The node with express are responsible for retrieving data from DB, updating DB (Provides data to manipulate from client-side -- that's all)
It comes to a problem when I'm considering security on client-side code. I want to hide all content of the page (not just data from the server, but also its logic and features)
To achieving my goals, I consider several things, but I doubt if it is right and working well if I create.
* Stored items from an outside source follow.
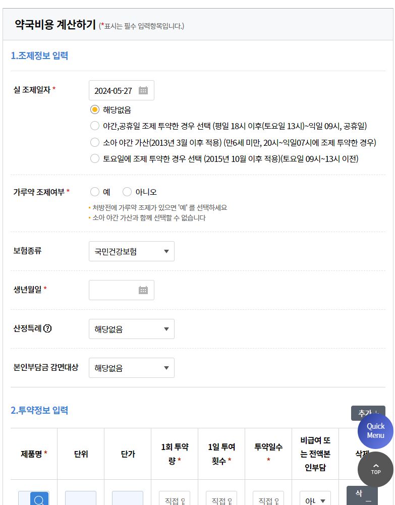 약국비용 계산기
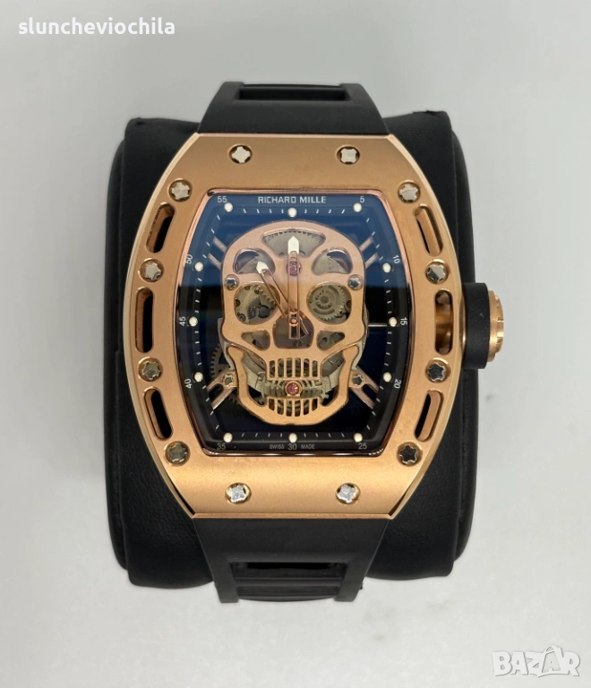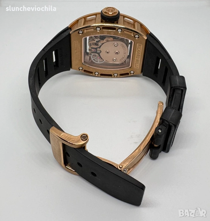 Най висок клас изпълнение. Часовник Richard Mille механизъм кварц - хронограф. Японска машина Miyota Каса масивна Стомана Стъкло сапфир кристал Размер каса: 53.7 x 41 мм Чисто нов За повече снимки и клипове ни пишете във вайбър
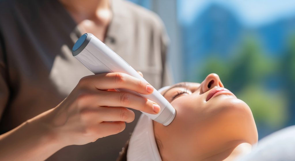 Bei der Behandlung arbeiten wir mit einem speziellen Needling-Gerät, das winzige Kanälchen in die oberste Hautschicht setzt. So können hochwertige Wirkstoffe wie Hyaluron, Vitamine oder Peptide besonders tief eindringen und ihre volle Wirkung entfalten. Die Haut wird besser durchblutet, regeneriert sich schneller und wirkt schon nach kurzer Zeit frischer und vitaler.
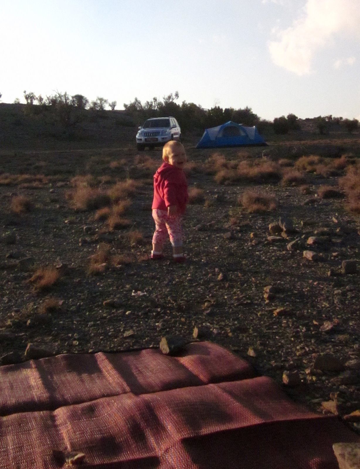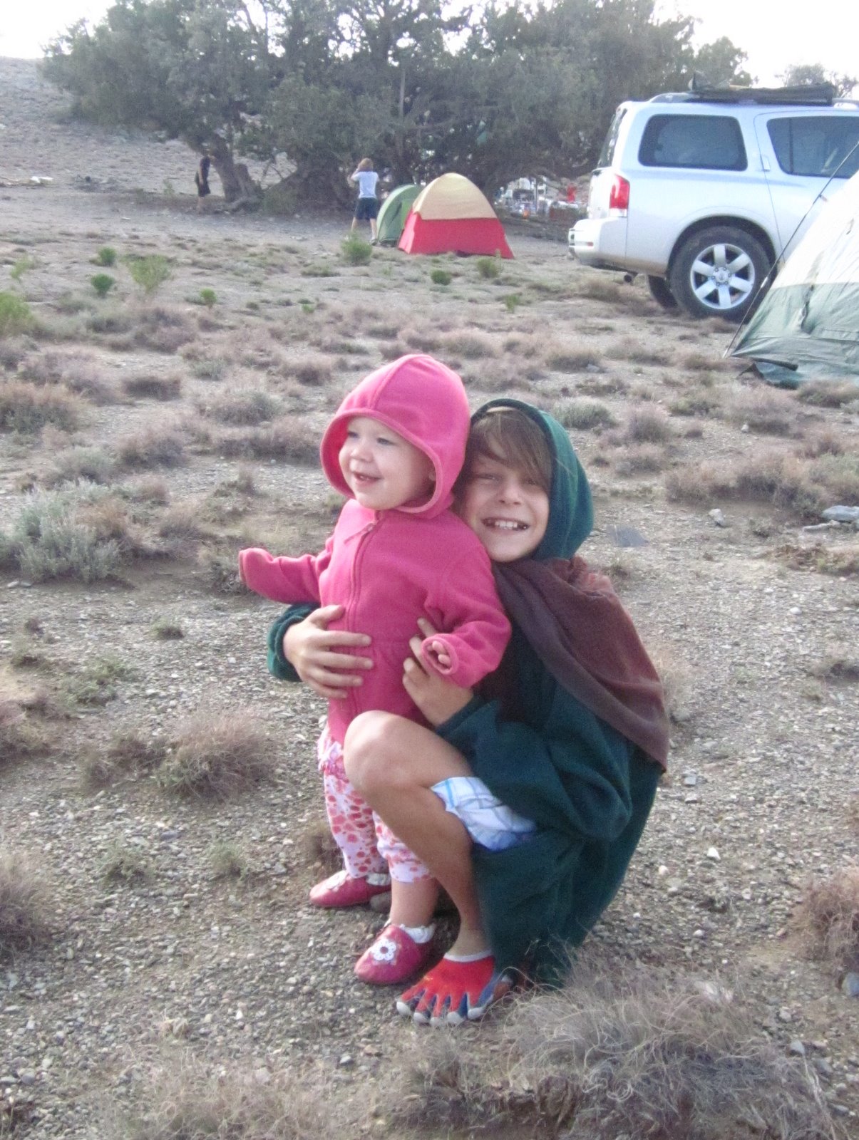After a lot of bumping around in the car we made it to our campsite by early afternoon. It had cooled to about 60 degrees at that elevation and Caleb was happy he had his blanket.
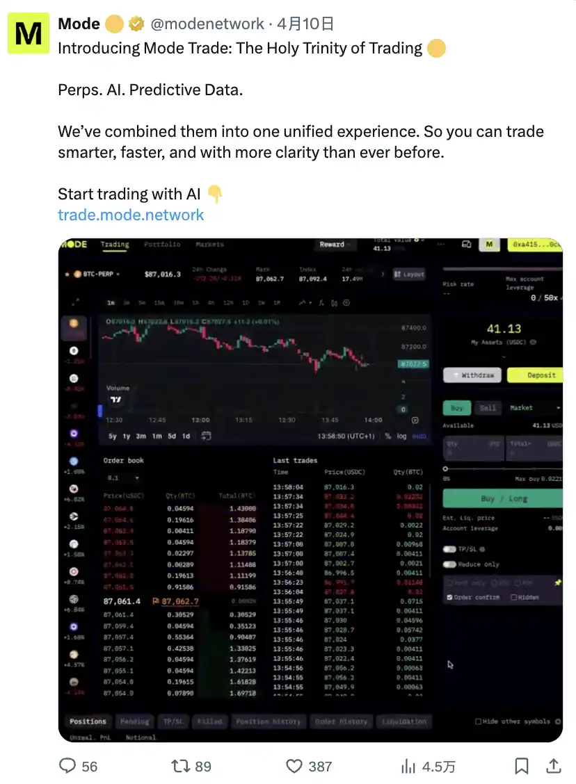 Mode Trade 圣三位一体整合了:强大的永续合约引擎、简化执行的 AI、提升策略的预测数据 下一代交易不仅仅关乎速度,而是智能
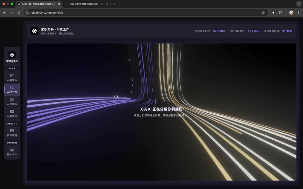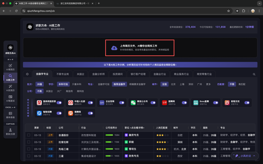 AI找工作 是求职方舟AI 的核心功能,实现 AI替你自动找工作——你只需上传简历,AI 会替你全网自动搜索并筛选适合的岗位,省去在多个平台反复搜索的繁琐。
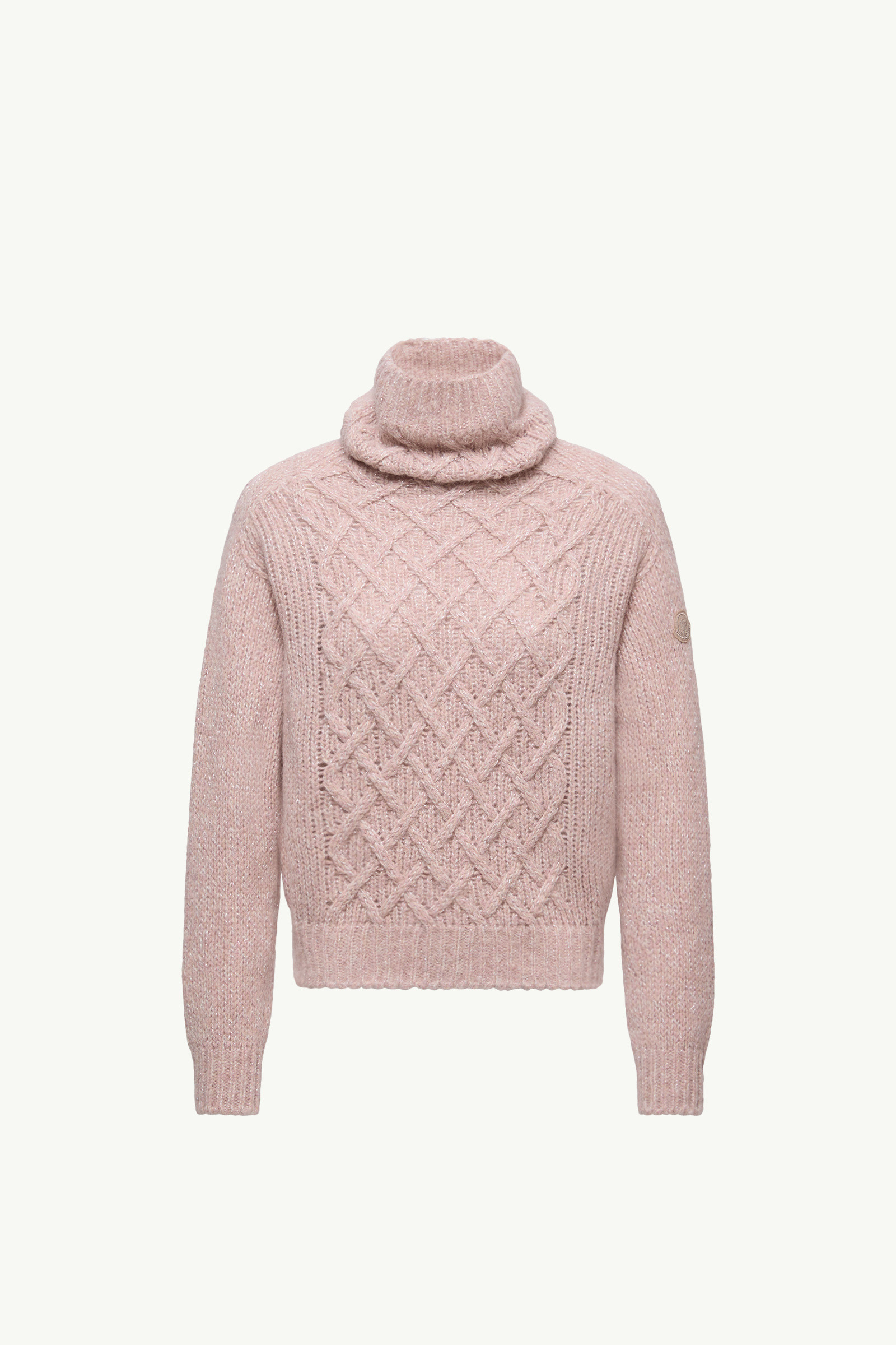 A foundational piece for any season, this turtleneck sweater for women is knit from a sophisticated alpaca blend. An invite to the art of layering, this turtleneck is crafted from a plush alpaca blend. Taking cues from classic knitwear, the heavy weight knit sweater is crafted with a textured Aran stitch. DETAILS - Crafted from an alpaca, nylon, viscose, wool and metallic fiber blend - Aran stitch - Gauge 3 - Turtleneck - Logo patch SIZE AND FIT - Loose fit COMPOSITION BASE FABRIC: 56% Alpaca, 31% Polyamide / Nylon, 5% Viscose / Rayon, 5% Wool, 3% METALLIZED FIBER Product code K20939F00015M1209P55 Made in Romania

Using Serverside rendering -- Cannot use due to performance reason and lack of resources available
Serverside rendering can hide logic from the user cause it omits the only HTML from the server and all actions are submitted to the server and the server handle the actions and provide its result.
So I can provide only the login page at first, and if login is successful, I can send the rest of HTML and it's logics from the server.
The problem is that my content in the webpage is massive and will be interacted with the user very often, and applying virtualization on my table (by performance reason), it's data and rendering logic should be handled by the web browser.
Combining SSR and Client-Side Rendering
My inspection for this is not sure, I doubt if it is possible.
Use SSR for hiding content of the site from unauthorized users, and if authorized, the web browser renders its full content on demand. (Code and logics should be hidden before authorization, the unauthorized user only can see the login page)
Is it possible to do it?
Get code on demand.
Also my inspection, this is what I am looking for. But I strongly doubt if it is possible.
Workflow is like below
If a user is not logged in:: User only can see the login page and its code
If the user is logged in:: User can see features of the page like management, statistics, etc.
If the user approaches specific features:: Rendering logic and HTTP request interface is downloaded from the server (OR less-performance hindering logic or else...) and it renders what users want to see and do.
It is okay not to find ways from the above idea. Can you provide some outlines for implement such kind of web page? I'm quite new to Web Programming, so I cannot find proper ways. I want to know how can I achieve this with what kinds of solutions, library, structure.
What lib or package should I use for this?
How can I implement this?
OR can you describe to me how modern websites achieve this? (I think the SAP system quite resembles with what I wanna achieve)
Foreword
Security is a complex topic, in which it is not possible to reach 0 threat. I'll try to craft an answer that could fullfil what you are looking for.
Back end: Token, credentials, authentication
So, you are currently using Express for your back end, hence the need to sort of protect the access from this part, many solution exist, I favor the token authentication, but you can do something with username/password (or this) to let the users access the back end.
From what you are describing you would use some sort of API (REST, GraphQL etc.) to connect to the back-end and make your queries (fetch, cross-fetch, apollo-link etc.) and add the token to the call to the back end in the headers usually.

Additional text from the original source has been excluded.